Step Four ...

Wave pattern ... Before you start to yell about this artist borrowing Hokusai's famous wave pattern, you might remember that this picture was created more than a hundred years earlier, and indeed the pattern must go back a long way before that ...

Patterns like this were just 'elements'; designers spent years training and learning how to reproduce a large 'library' of standard patterns and picture elements. Many of these people (most of them?) then spent the rest of their lives endlessly recycling them round and round in various forms. But just occasionally, somebody would come along who could use the same set of basic pieces, and create something like this design ...

 

Interesting that at this point, this print looks just like a 'benizuri-e' (green-red picture), an early type of colour printing in Japan that used a key block and two colours - green and pale pink. That's purely coincidence, and we're not 'recapitulating' the evolution of colour block printing in this print! It is also interesting that the print as you see it here is less attractive that it was a couple of steps back. Because I have a clear model in my mind of 'where we are going', I'm not bothered by that of course, but to an artist working on an original print this kind of thing can pose quite some difficulties.

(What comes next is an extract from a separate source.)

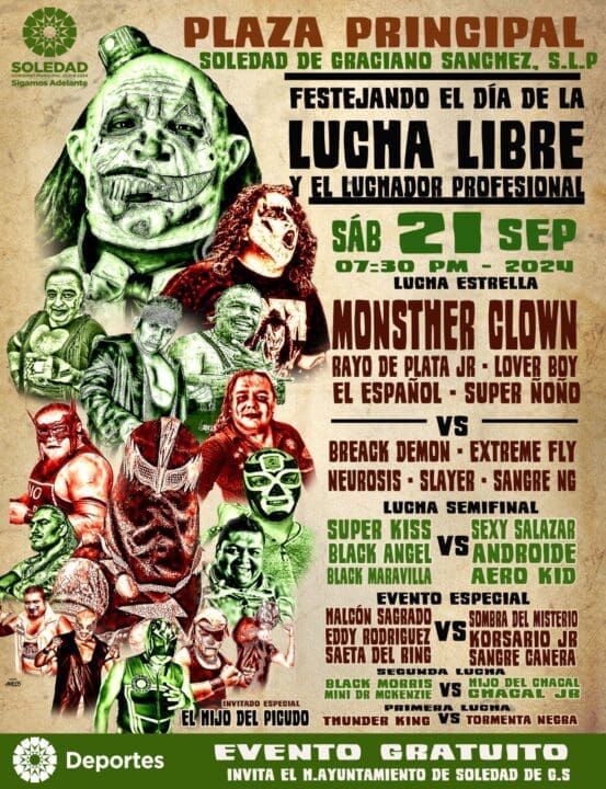 “Desde la instauración del Día Nacional de la Lucha Libre en 2019, no queríamos que Soledad de Graciano Sánchez se quedara atrás, por eso, organizamos una función que será disfrutada por toda la familia, con luchadores como Monster Clown, Rayo de Plata Jr., El español, Breack Demon, entre otros, que traerán acción y emoción a nuestro municipio”, finalizó el funcionario municipal.
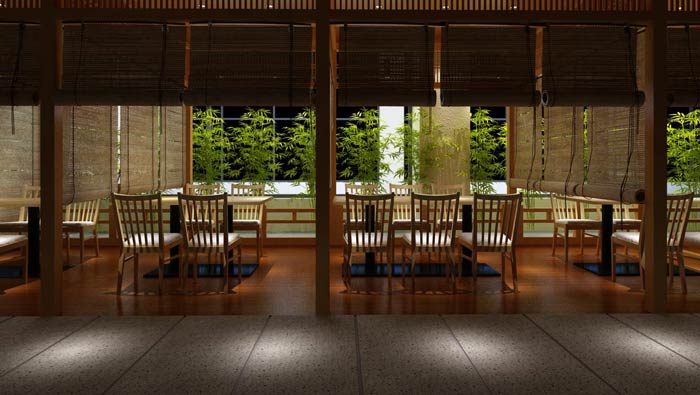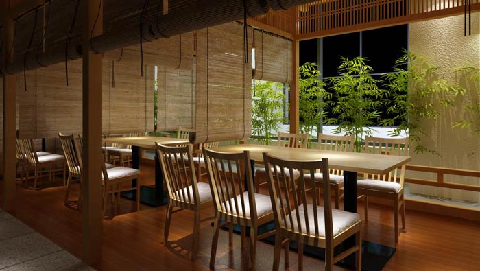 日本料理餐廳過道餐區(qū)設(shè)計(jì):竹子為空間帶來了一絲綠色,整個(gè)空間看起來郁郁蔥蔥,下雨天的時(shí)候,客戶在這里吃飯、聊天,看著室外的雨水,也是一個(gè)不錯(cuò)的享受。

Making a print is not just a question of keeping at it until it looks good and then stopping - one has to be able to mentally 'jump' forward and imagine the result after the subsequent steps are done. What makes this particularly difficult is the fact that our eyes constantly fool us with colours - this green tint on the wave pattern will look totally different once it is surrounded by the colours that are coming up.

But this is where the experience of the printmaker comes into play - I remember vividly these sorts of frustrations in my earlier days ... "That colour has changed! I know it didn't look like that when I printed it!" Well, maybe it didn't ... but maybe it did ... And anyway, if it was too easy, it wouldn't be any fun, would it!